Naturally, as a ‘bad credit’ customer it is simply not realistic to expect the most competitive mortgage schemes; interest and APR rates are bound to be higher than those for more standard mortgage schemes. This is due to the fact that the mortgage lending company is in reality taking a much greater risk in loaning you the money for a mortgage scheme, due simply to a poor credit history. The amount of money available in the mortgage scheme is also likely to be much lower for the same reasons.

Bad credit mortgage lenders will normally use specialist underwriters to assess your credit status. These underwriters will look into the reasons behind your poor credit history, in order to determine the risk of you not meeting the repayments. If they find that the cause of your bad credit was a temporary ‘blip’ and that you have generally been good in meeting debt payments, then the rate charged by the lender will probably not be much higher than a standard mortgage. In a similar vein, if the assessor finds that you have regularly run up debts that you have defaulted on, then the interest rates will be set to a higher level, or you may be declined the mortgage altogether if the risk is deemed to be too high for the lender.

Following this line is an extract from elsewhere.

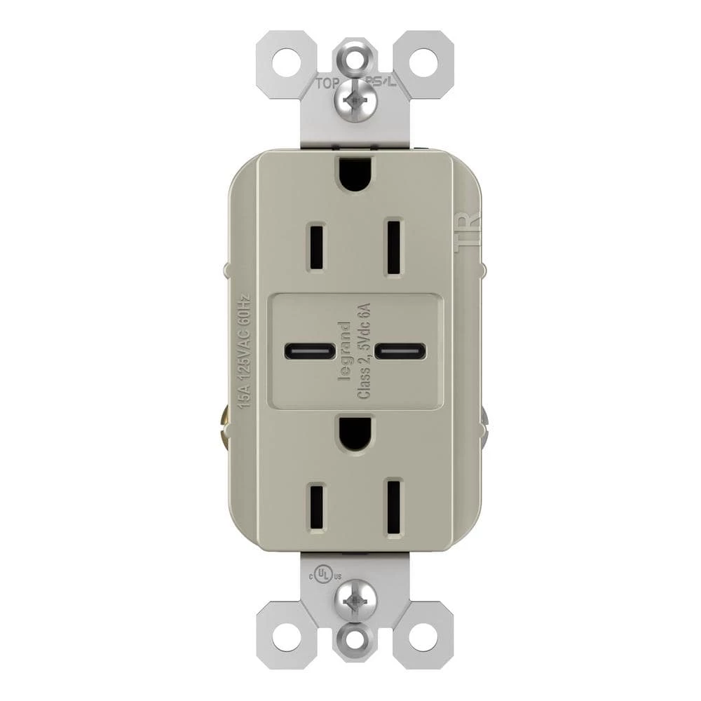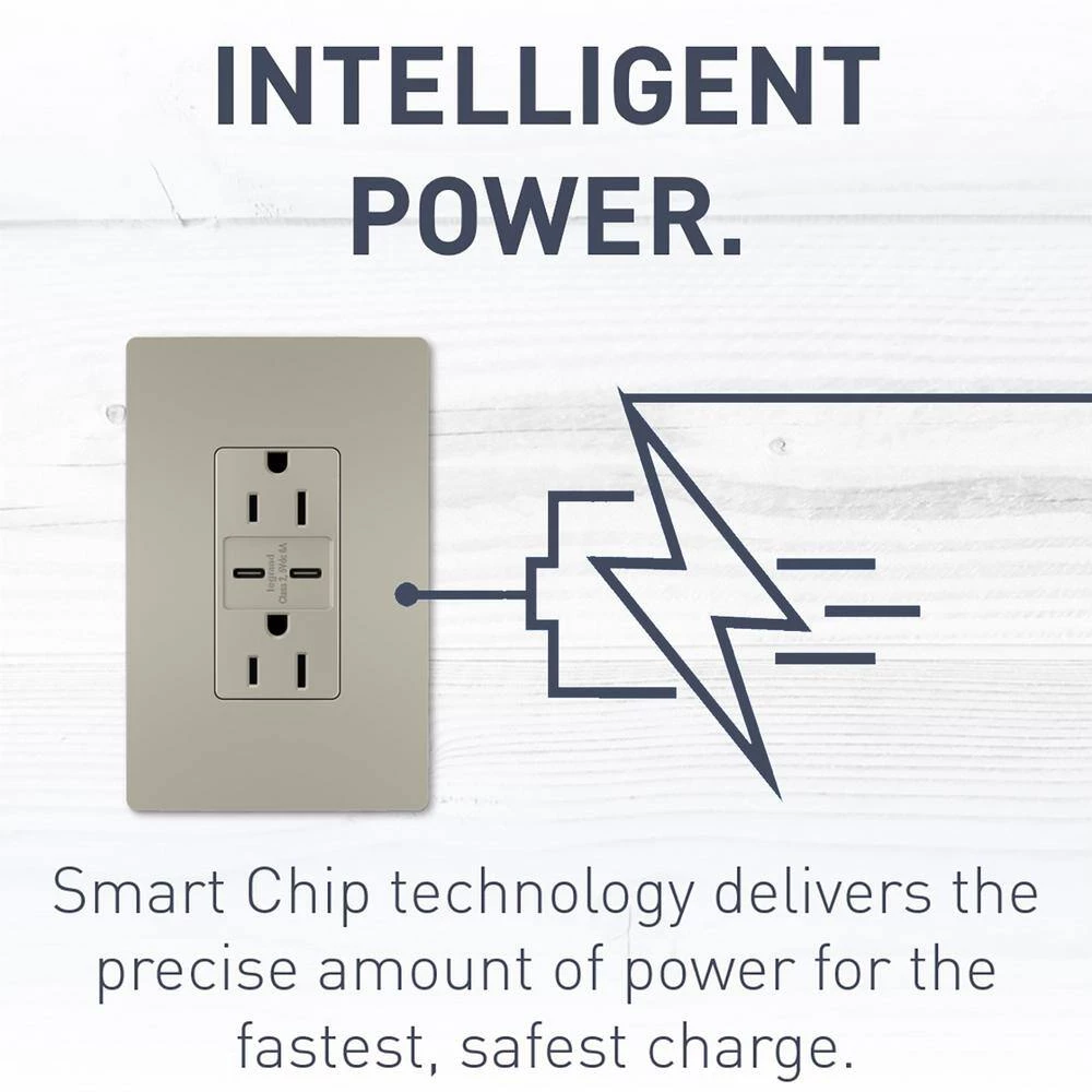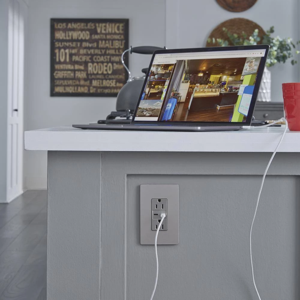 Charge your smartphones, tablets, and laptops up to 40% faster than 3 Amp to 5 Amp USB chargers, while enjoying the added power convenience of Tamper-Resistant outlets that meet NEC requirements with advanced charging capacity of 6.0 Amp shared between both ports. Designed to complement your decor, radiant layers on the style with tasteful finish options to coordinate with any decor. The metallic nickel finish is designed to complement the beauty of stainless-steel appliances, as well as nickel lighting fixtures, faucets, and hardware.

Despite the fact that many people see the comparatively higher interest rates, and lower mortgage loan options negatively, it is still vital to consider that the very fact that bad credit customers are now able to be considered for mortgages is incredibly positive. If the customer takes the time to shop around it is also more than likely that they will uncover some very competitive mortgage deals, which can help them secure a new home, and therefore some financial stability in their lives.

The market for bad credit mortgages is more limited than the standard mortgage market, this combined with the increased risk of defaults on payments means that the interest rates will be set higher for this type of mortgage. Deposits for bad credit mortgages will be higher than for standard mortgages, often in the range of 30-35% of the value of the property, this figure will be dependant on how bad your credit history is determined to be by the lender.

If you are in a bad credit situation, then a bad credit mortgage will initially be your only option for securing finance for a house purchase. You should be aware that a bad credit rating is by no means a permanent thing, in most cases if you take out a bad credit mortgage and meet the payments on time for a period of three years then your credit rating will be repaired. Be sure to check your credit status after such a period of repayments, as if your credit rating is repaid then you will be able to change to a standard mortgage where you will be offered lower interest rates and therefore save yourself money.

Having a bad credit rating needn’t prevent you from obtaining the finance you need for the purchase of your own home, a bad credit mortgage can not only give you the opportunity to achieve this, but could also lead to you repairing your credit rating putting you better financial position for the future.